§ EXTRACTED INFORMATION:

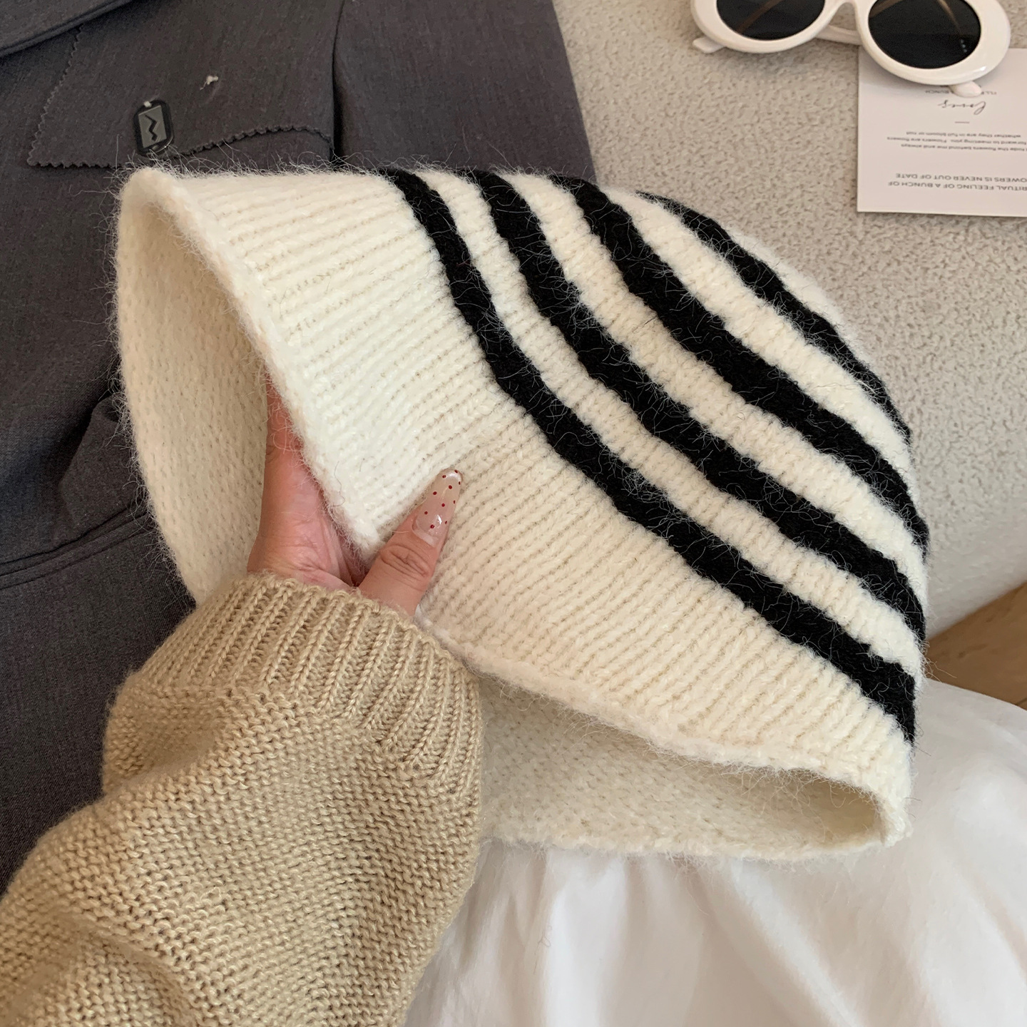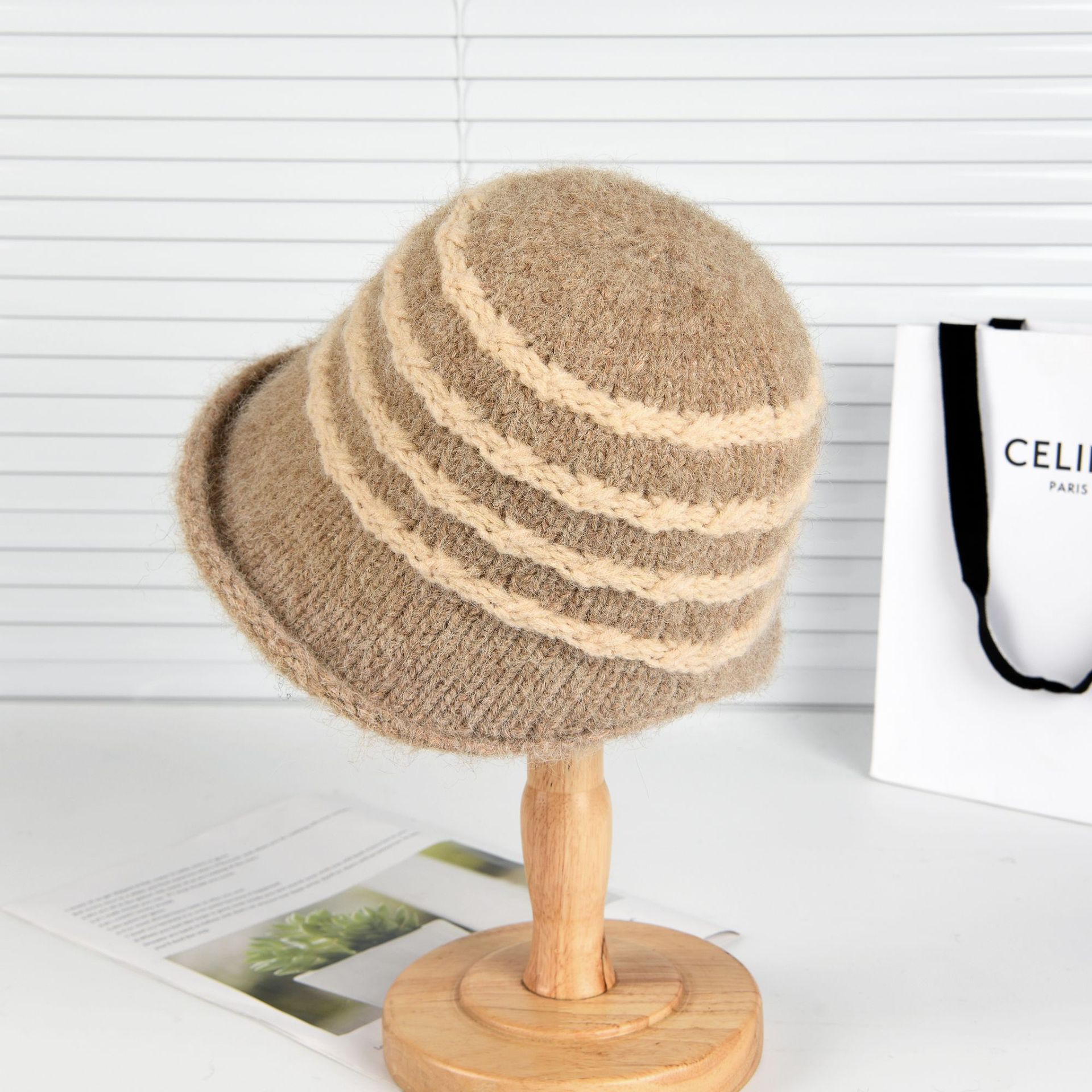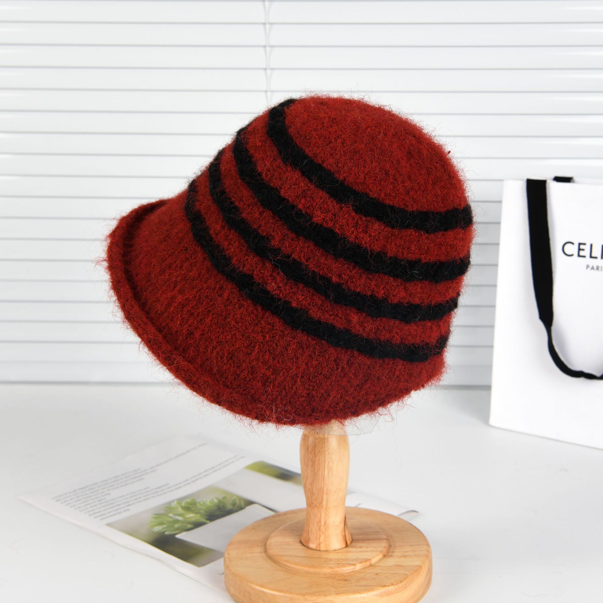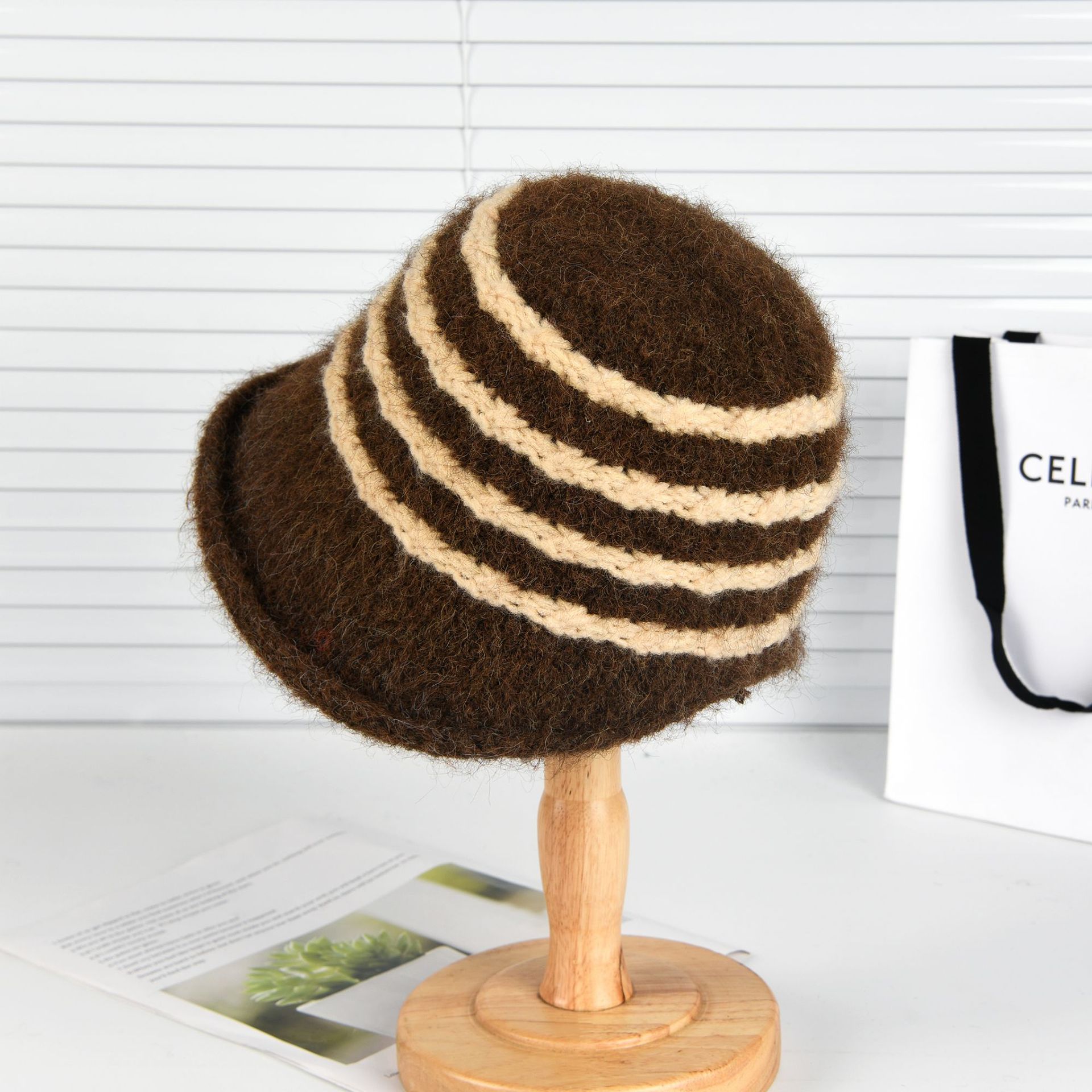 Cappello da pescatore in peluche retrò a righe in stile giapponese per donna, autunno e inverno, caldo, versatile, a tesa larga, snellente per il viso
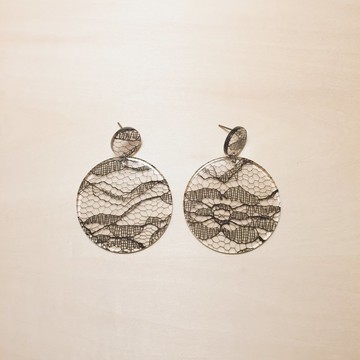 復古黑蕾絲大圓片耳環
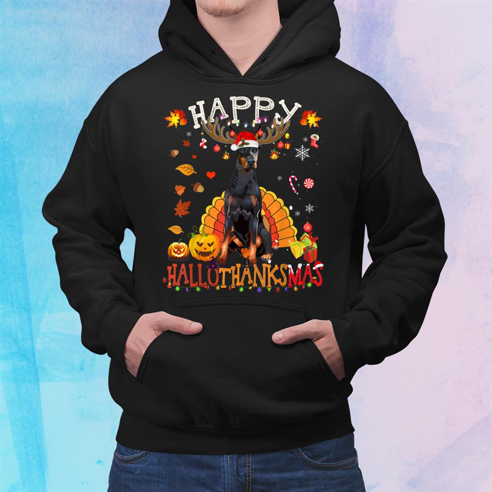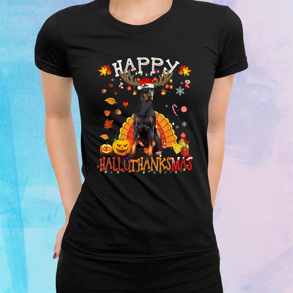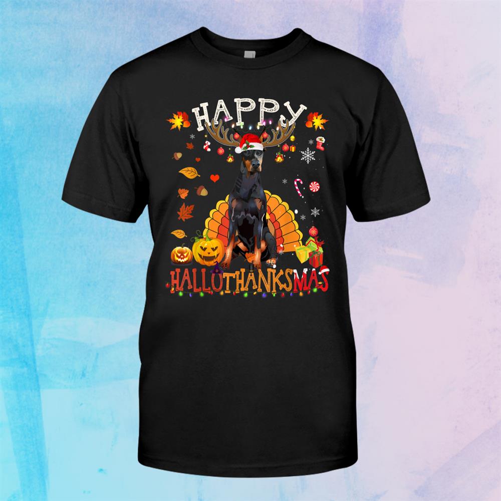 Doberman Happy Hallothanksmas Halloween Thanksgiving Xmas Shirt
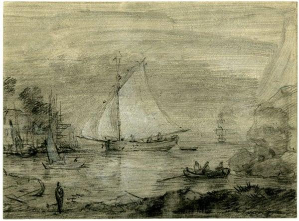 A coastal scene with figures and boats possibly connected with a visit to the Devonshire coast that Gainsborough was intending to make in the summer of 1779. The view is taken from the shore, with the cutter in full sail in the centre and other vessels nearby. The marine subject of the drawing is uncommon.
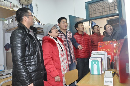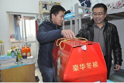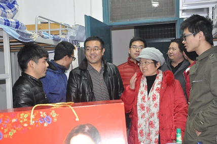 学生5号楼宿舍,341寝室的同学们在看书学习,正在为期末考试做准备,刘书记一行的到来让同学们感到欣喜万分,刘书记对同学们说,最近天气转冷了,你们这些离家百里的学生来到郑州上学不容易,入冬了,学院里给大家送的有过冬的棉被,此外,刘书记还亲切地跟同学们拉家常,询问大家近期的学习怎么样,生活上有没有什么困难等。
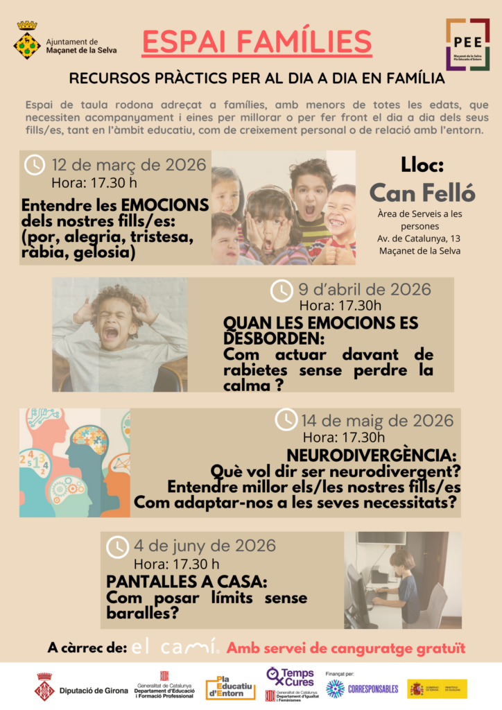 La primera sessió tindrà lloc el dijous 12 de març a les 17.30 h i estarà dedicada a les emocions, amb l’objectiu de conèixer-les millor i entendre què els passa als infants i joves.
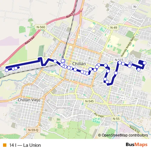 See why over 2 million users trust and consider busmaps.com as the best public transport website. busmaps gives you Chillan Buses suggested routes, real-time bus tracker, line route maps in Chillan, and helps to find the closest 14 I bus stops near you. No internet available? Download an offline PDF map and bus schedule for the 14 I bus to take on your trip.
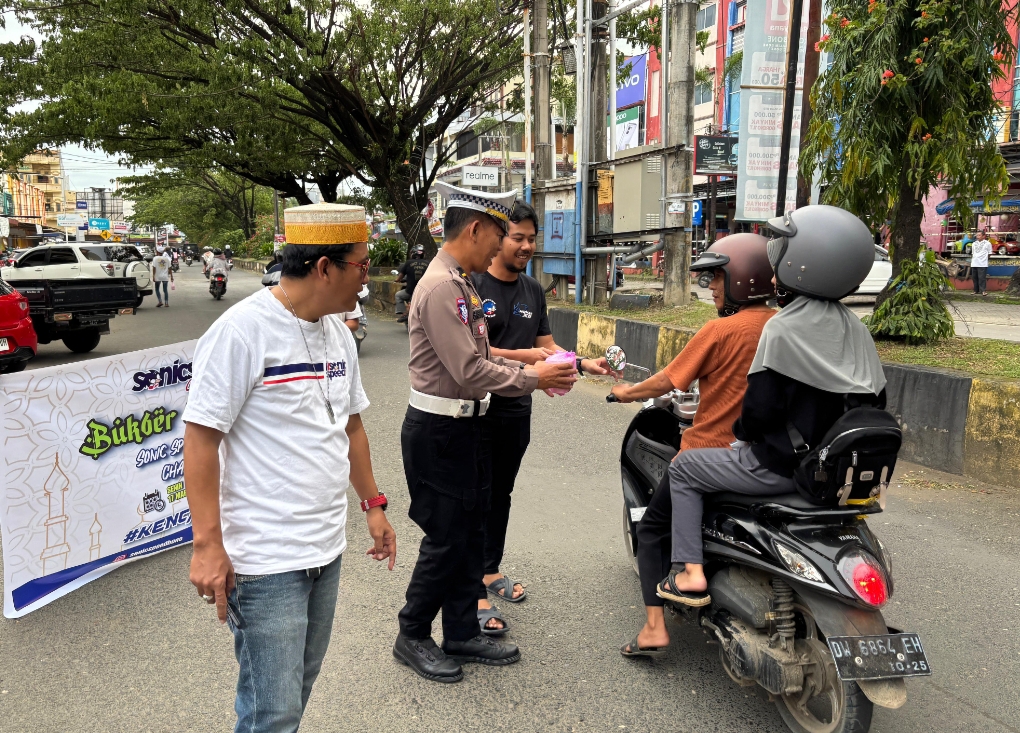 Disamping membagikan takjil, petugas bersama anggota komunitas juga memberikan imbauan kepada para pengendara untuk selalu mematuhi peraturan lalu lintas dan mengutamakan keselamatan.
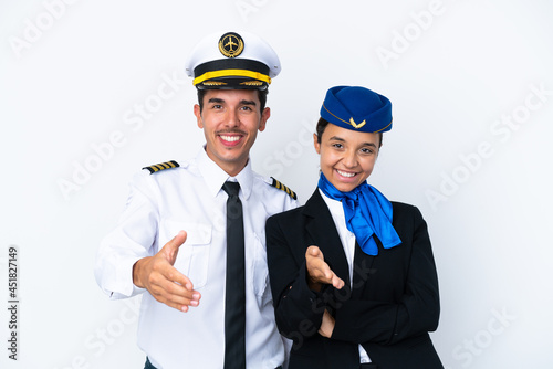 Airplane pilot and mixed race air hostess isolated on white background shaking hands for closing a good deal
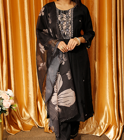 Black colour chanderi silk heavy neck line salwar with dola silk dupatta , elasticated waistband pant

§ ACTIVITY: What you return should be the entries from above, unchanged and without their images.

§ TASK RESPONSE:
 Cappello da pescatore in peluche retrò a righe in stile giapponese per donna, autunno e inverno, caldo, versatile, a tesa larga, snellente per il viso
 復古黑蕾絲大圓片耳環
 Doberman Happy Hallothanksmas Halloween Thanksgiving Xmas Shirt
 A coastal scene with figures and boats possibly connected with a visit to the Devonshire coast that Gainsborough was intending to make in the summer of 1779. The view is taken from the shore, with the cutter in full sail in the centre and other vessels nearby. The marine subject of the drawing is uncommon.
 学生5号楼宿舍,341寝室的同学们在看书学习,正在为期末考试做准备,刘书记一行的到来让同学们感到欣喜万分,刘书记对同学们说,最近天气转冷了,你们这些离家百里的学生来到郑州上学不容易,入冬了,学院里给大家送的有过冬的棉被,此外,刘书记还亲切地跟同学们拉家常,询问大家近期的学习怎么样,生活上有没有什么困难等。
 La primera sessió tindrà lloc el dijous 12 de març a les 17.30 h i estarà dedicada a les emocions, amb l’objectiu de conèixer-les millor i entendre què els passa als infants i joves.
 See why over 2 million users trust and consider busmaps.com as the best public transport website. busmaps gives you Chillan Buses suggested routes, real-time bus tracker, line route maps in Chillan, and helps to find the closest 14 I bus stops near you. No internet available? Download an offline PDF map and bus schedule for the 14 I bus to take on your trip.
 Disamping membagikan takjil, petugas bersama anggota komunitas juga memberikan imbauan kepada para pengendara untuk selalu mematuhi peraturan lalu lintas dan mengutamakan keselamatan.
 Airplane pilot and mixed race air hostess isolated on white background shaking hands for closing a good deal
 Black colour chanderi silk heavy neck line salwar with dola silk dupatta , elasticated waistband pant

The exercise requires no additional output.